**Source records**

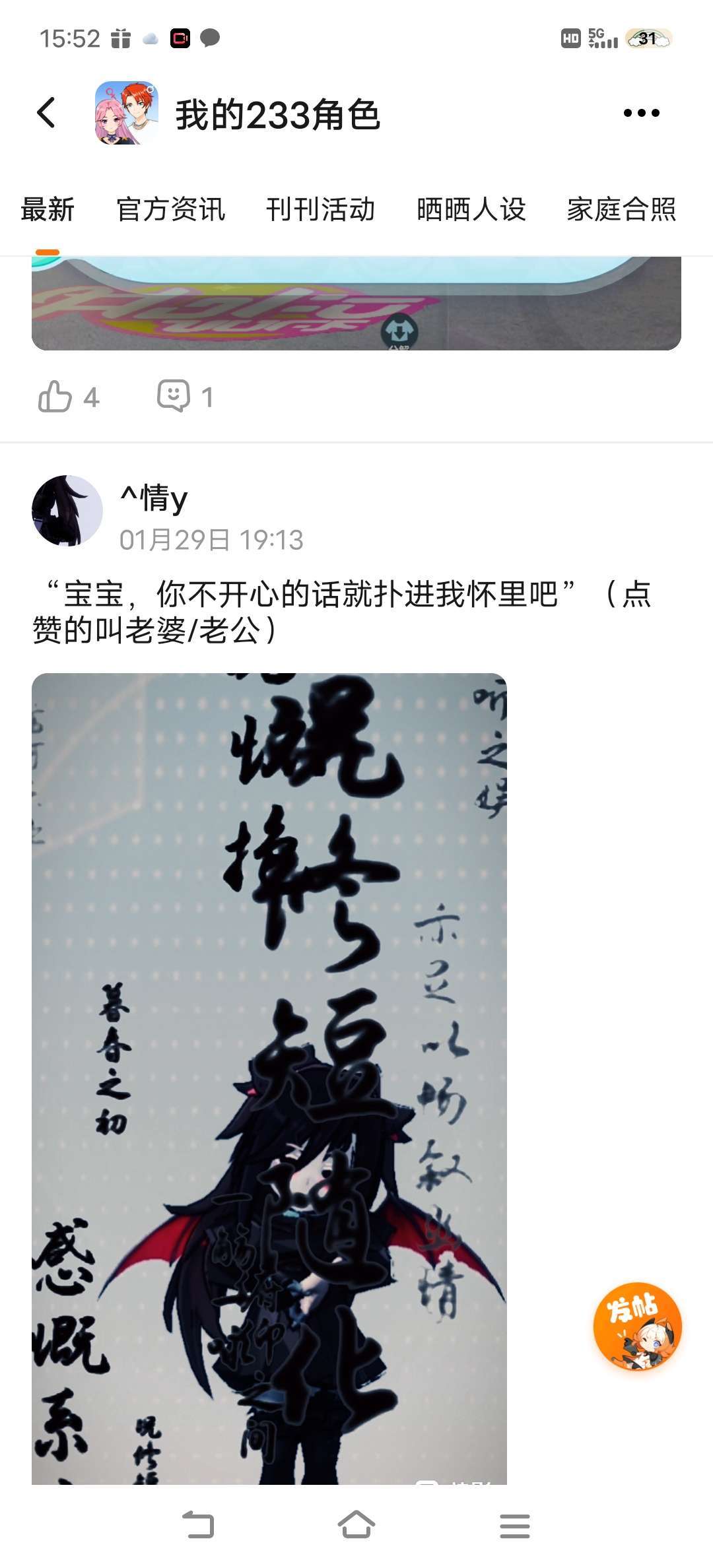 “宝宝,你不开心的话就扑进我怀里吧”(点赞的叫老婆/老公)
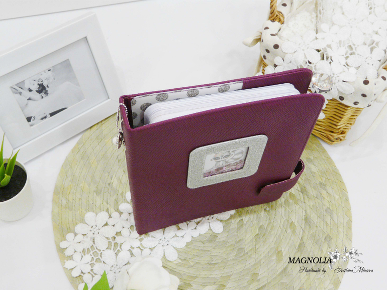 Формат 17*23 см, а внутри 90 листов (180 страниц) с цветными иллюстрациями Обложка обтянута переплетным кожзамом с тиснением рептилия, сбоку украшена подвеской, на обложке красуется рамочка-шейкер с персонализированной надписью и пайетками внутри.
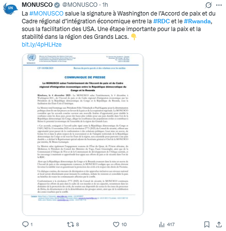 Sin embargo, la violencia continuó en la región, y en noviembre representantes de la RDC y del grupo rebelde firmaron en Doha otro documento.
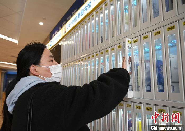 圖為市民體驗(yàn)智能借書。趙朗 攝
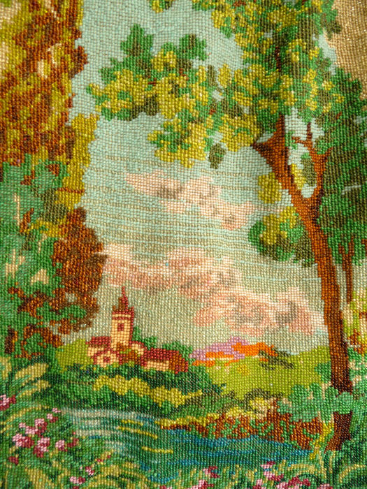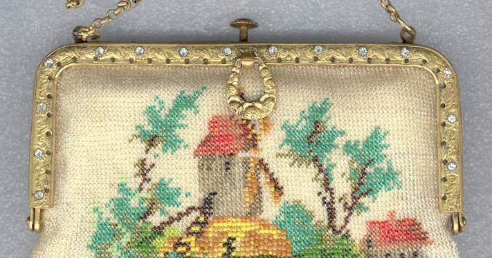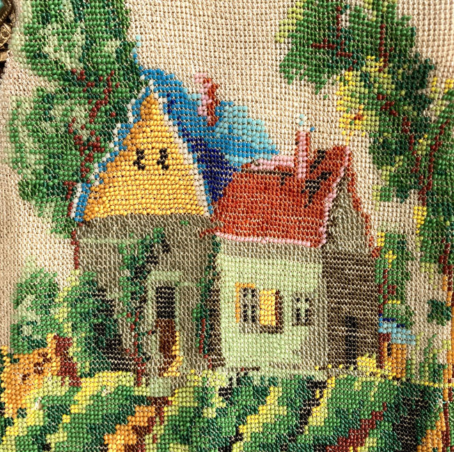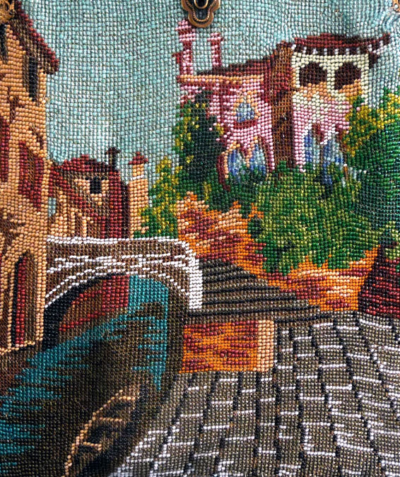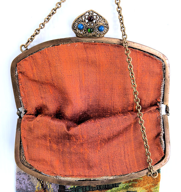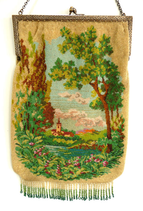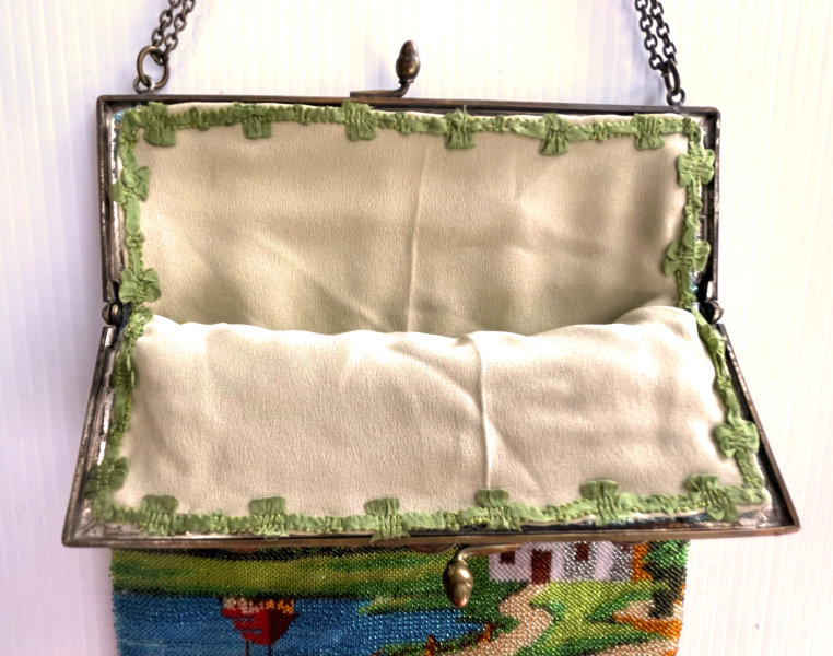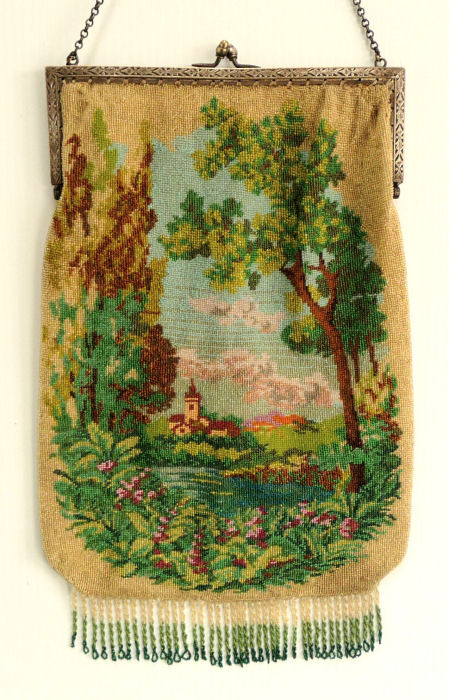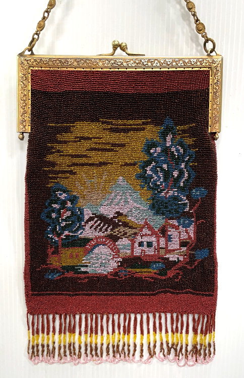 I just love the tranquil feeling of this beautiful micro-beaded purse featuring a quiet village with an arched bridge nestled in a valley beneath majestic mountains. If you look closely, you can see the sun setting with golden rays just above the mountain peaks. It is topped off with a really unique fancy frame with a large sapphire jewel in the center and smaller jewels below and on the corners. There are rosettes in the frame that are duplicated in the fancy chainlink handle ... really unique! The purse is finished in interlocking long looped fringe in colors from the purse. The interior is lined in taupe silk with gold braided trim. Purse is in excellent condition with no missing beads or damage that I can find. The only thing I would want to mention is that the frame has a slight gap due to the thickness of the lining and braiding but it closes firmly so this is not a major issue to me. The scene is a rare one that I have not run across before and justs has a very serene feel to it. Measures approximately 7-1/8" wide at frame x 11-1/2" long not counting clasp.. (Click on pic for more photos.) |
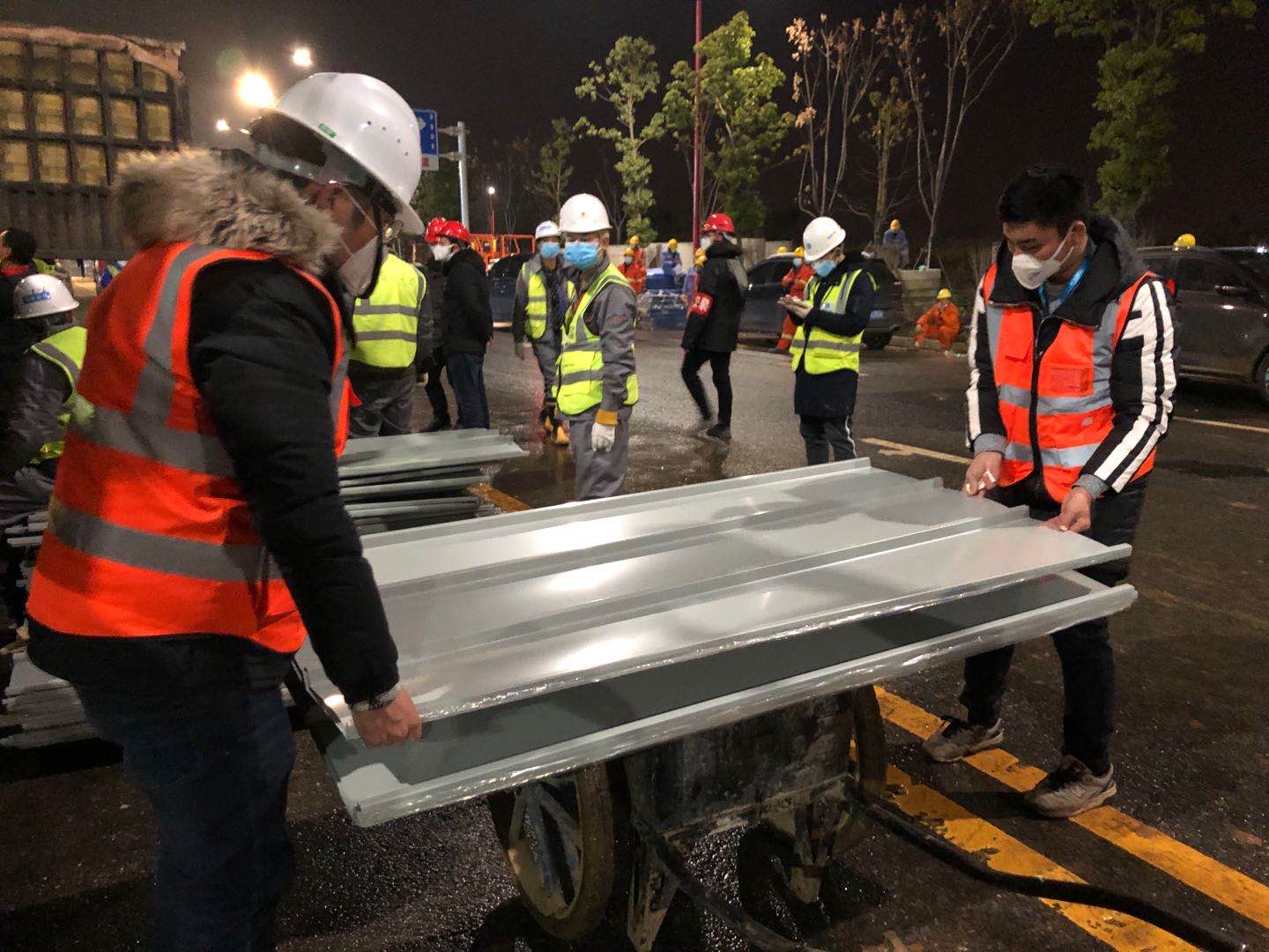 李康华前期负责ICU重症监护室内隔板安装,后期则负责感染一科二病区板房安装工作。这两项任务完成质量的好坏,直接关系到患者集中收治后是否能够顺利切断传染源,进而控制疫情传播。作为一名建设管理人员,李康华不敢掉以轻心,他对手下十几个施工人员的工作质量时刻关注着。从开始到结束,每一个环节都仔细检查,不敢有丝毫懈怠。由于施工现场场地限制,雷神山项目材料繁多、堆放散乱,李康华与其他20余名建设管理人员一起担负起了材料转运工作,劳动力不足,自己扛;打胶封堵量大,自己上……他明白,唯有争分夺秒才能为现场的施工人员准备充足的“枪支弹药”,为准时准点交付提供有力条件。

**INSTRUCTIONS FOR THE TASK**
From the first line above to the line containing "圖為市民體驗(yàn)智能借書。趙朗 攝", repeat each line exactly. Pictures stay out.

**ANSWER TO THIS TASK**
 “宝宝,你不开心的话就扑进我怀里吧”(点赞的叫老婆/老公)
 Формат 17*23 см, а внутри 90 листов (180 страниц) с цветными иллюстрациями Обложка обтянута переплетным кожзамом с тиснением рептилия, сбоку украшена подвеской, на обложке красуется рамочка-шейкер с персонализированной надписью и пайетками внутри.
 Sin embargo, la violencia continuó en la región, y en noviembre representantes de la RDC y del grupo rebelde firmaron en Doha otro documento.
 圖為市民體驗(yàn)智能借書。趙朗 攝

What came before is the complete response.